WHAT THE TASK REQUIRES:
Give the data again exactly as written, skipping any pictures.

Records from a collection
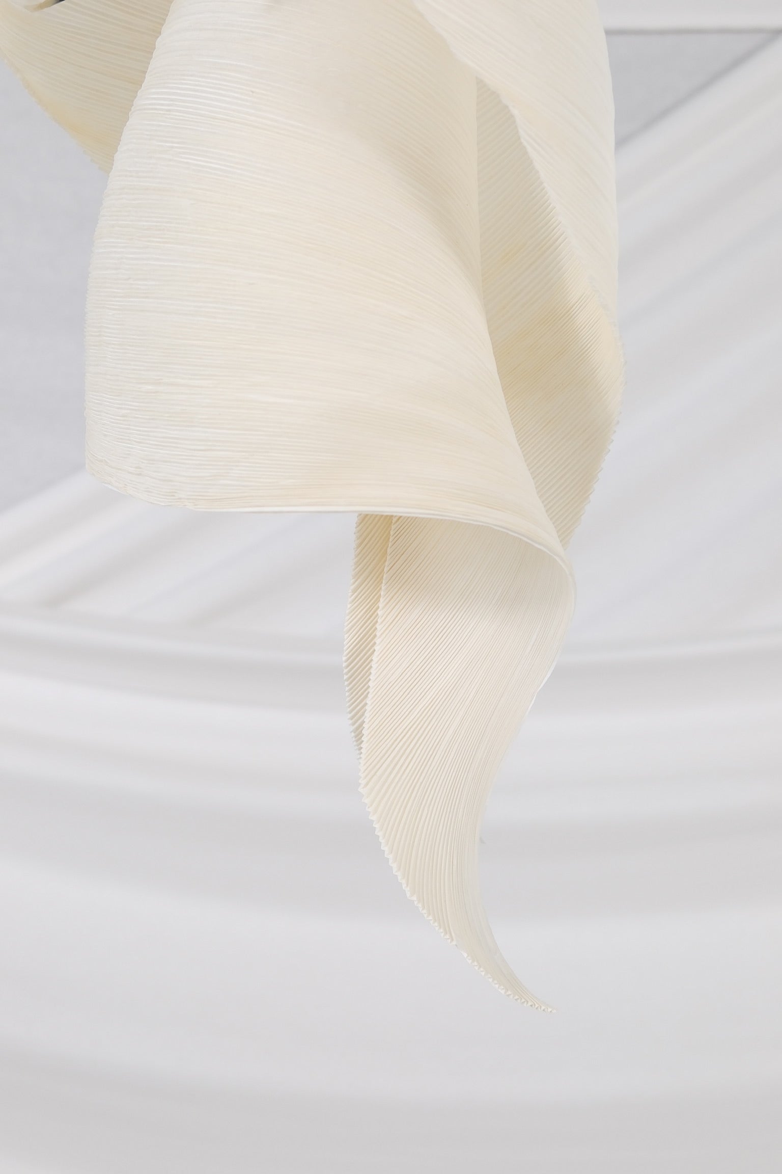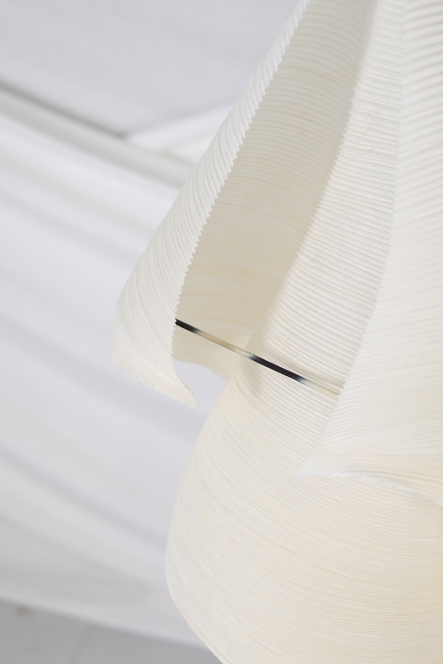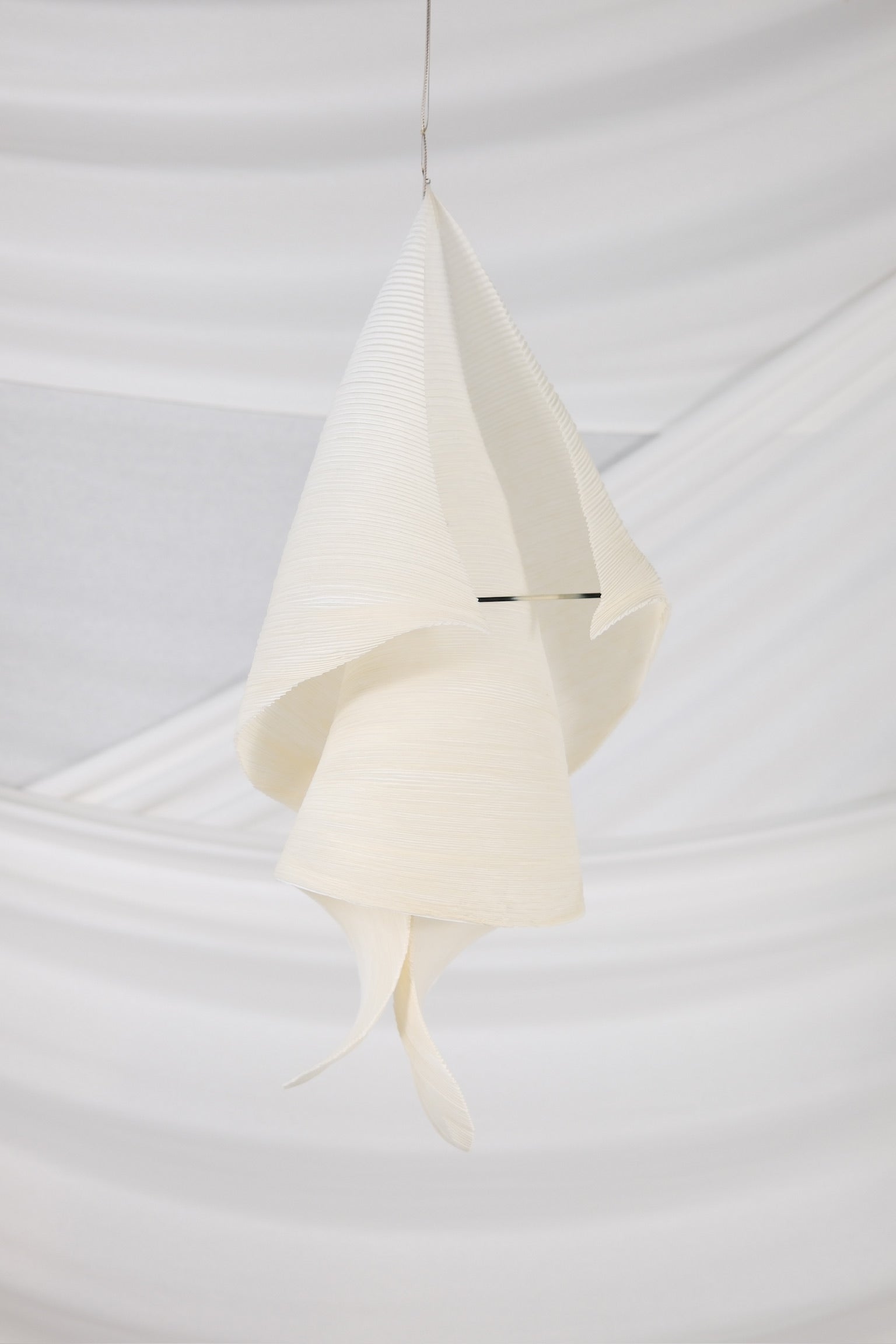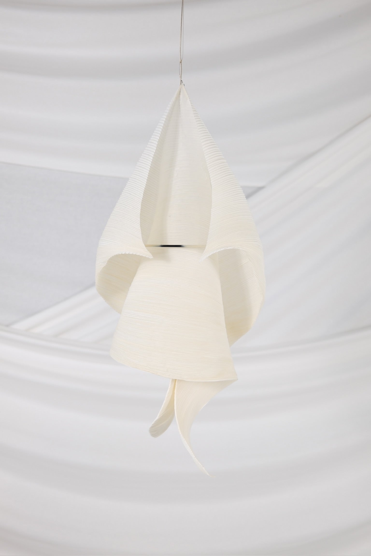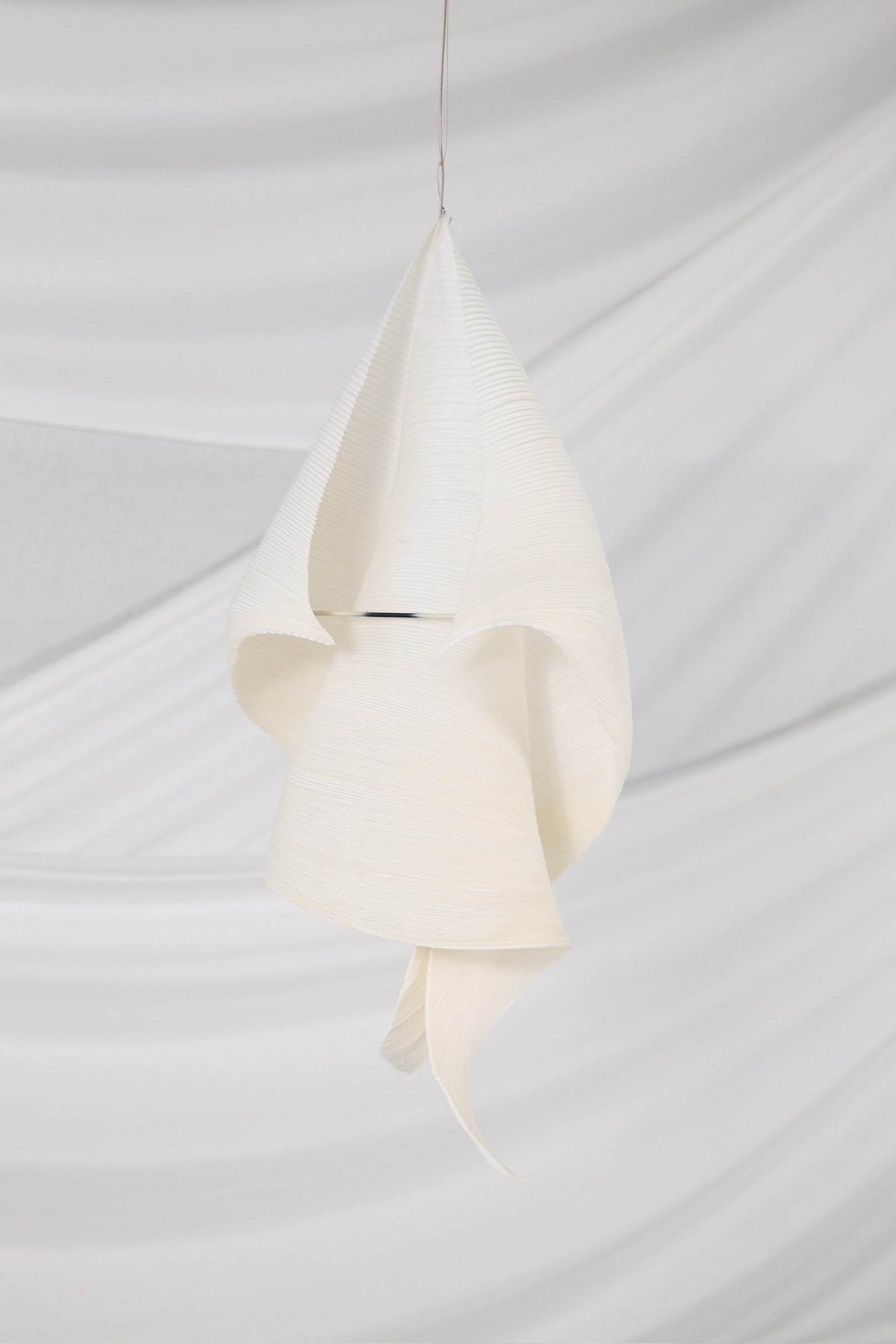 インゴ・マウラーが1998年にダグマー・モンバッハと共同でデザインした、詩情あふれる希少なペンダントライト。アイコニックなMaMo Nouchiesコレクションの一部です。一つひとつの作品は、丁寧にプリーツ加工された和紙を、折り曲げたり伸ばしたりする複数の工程を経て、有機的で彫刻的なフォルムへと昇華させ、すべて手作業で作られています。
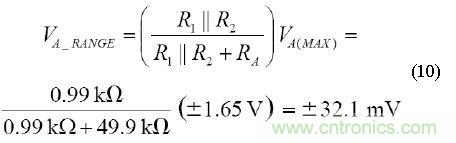 由于DAC可以擺動±1.65 V,因此,總失調調整范圍可通過由RA 以及R1和R2的并聯組合形成的分壓器給定,其計算方法如下:
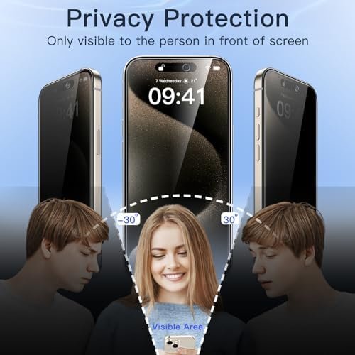 JETech Privacy Screen Protector for iPhone 15 Pro Max 6.7-Inch with Camera Lens
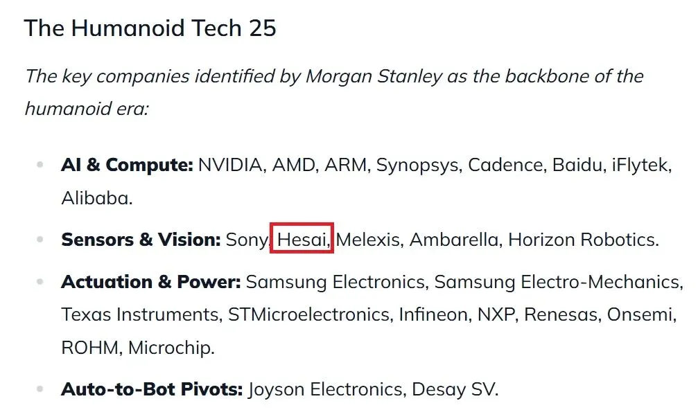 全球激光雷达行业领导者禾赛科技(NASDAQ: HSAI;HKEX: 2525)近日成功入选摩根士丹利重磅发布的“Humanoid Tech 25(人形机器人科技 25 强)”榜单。该榜单聚焦全球最具影响力的 25 家机器人及相关技术企业,禾赛凭借为机器人在真实物理世界中规模化落地提供关键三维感知能力而获得高度认可,成为全球唯一入选的激光雷达公司。
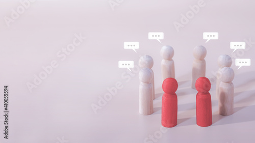 People figures and comment clouds above their heads. Concept of leadership,influence,crisis management. the search for fresh ideas and optimal solutions. Best thought, good idea, positive feedback.
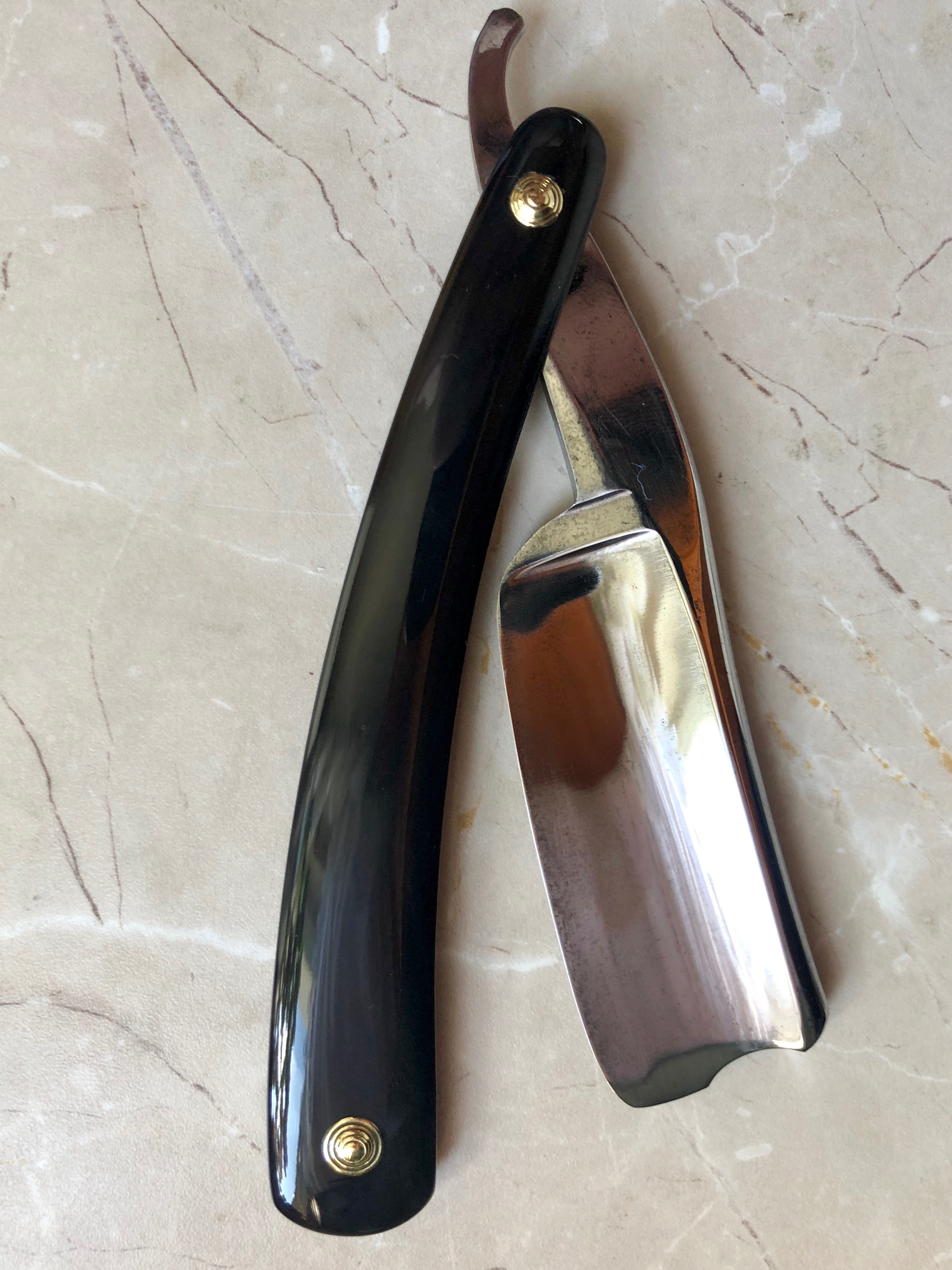 Бритва до... и после...Объем работ: Разборка, регринд, шлифовка, полировка, сатин, новая оправа из рога буйвола, сборка и заточка.

EXERCISE SOLUTION:
 インゴ・マウラーが1998年にダグマー・モンバッハと共同でデザインした、詩情あふれる希少なペンダントライト。アイコニックなMaMo Nouchiesコレクションの一部です。一つひとつの作品は、丁寧にプリーツ加工された和紙を、折り曲げたり伸ばしたりする複数の工程を経て、有機的で彫刻的なフォルムへと昇華させ、すべて手作業で作られています。
 由于DAC可以擺動±1.65 V,因此,總失調調整范圍可通過由RA 以及R1和R2的并聯組合形成的分壓器給定,其計算方法如下:
 JETech Privacy Screen Protector for iPhone 15 Pro Max 6.7-Inch with Camera Lens
 全球激光雷达行业领导者禾赛科技(NASDAQ: HSAI;HKEX: 2525)近日成功入选摩根士丹利重磅发布的“Humanoid Tech 25(人形机器人科技 25 强)”榜单。该榜单聚焦全球最具影响力的 25 家机器人及相关技术企业,禾赛凭借为机器人在真实物理世界中规模化落地提供关键三维感知能力而获得高度认可,成为全球唯一入选的激光雷达公司。
 People figures and comment clouds above their heads. Concept of leadership,influence,crisis management. the search for fresh ideas and optimal solutions. Best thought, good idea, positive feedback.
 Бритва до... и после...Объем работ: Разборка, регринд, шлифовка, полировка, сатин, новая оправа из рога буйвола, сборка и заточка.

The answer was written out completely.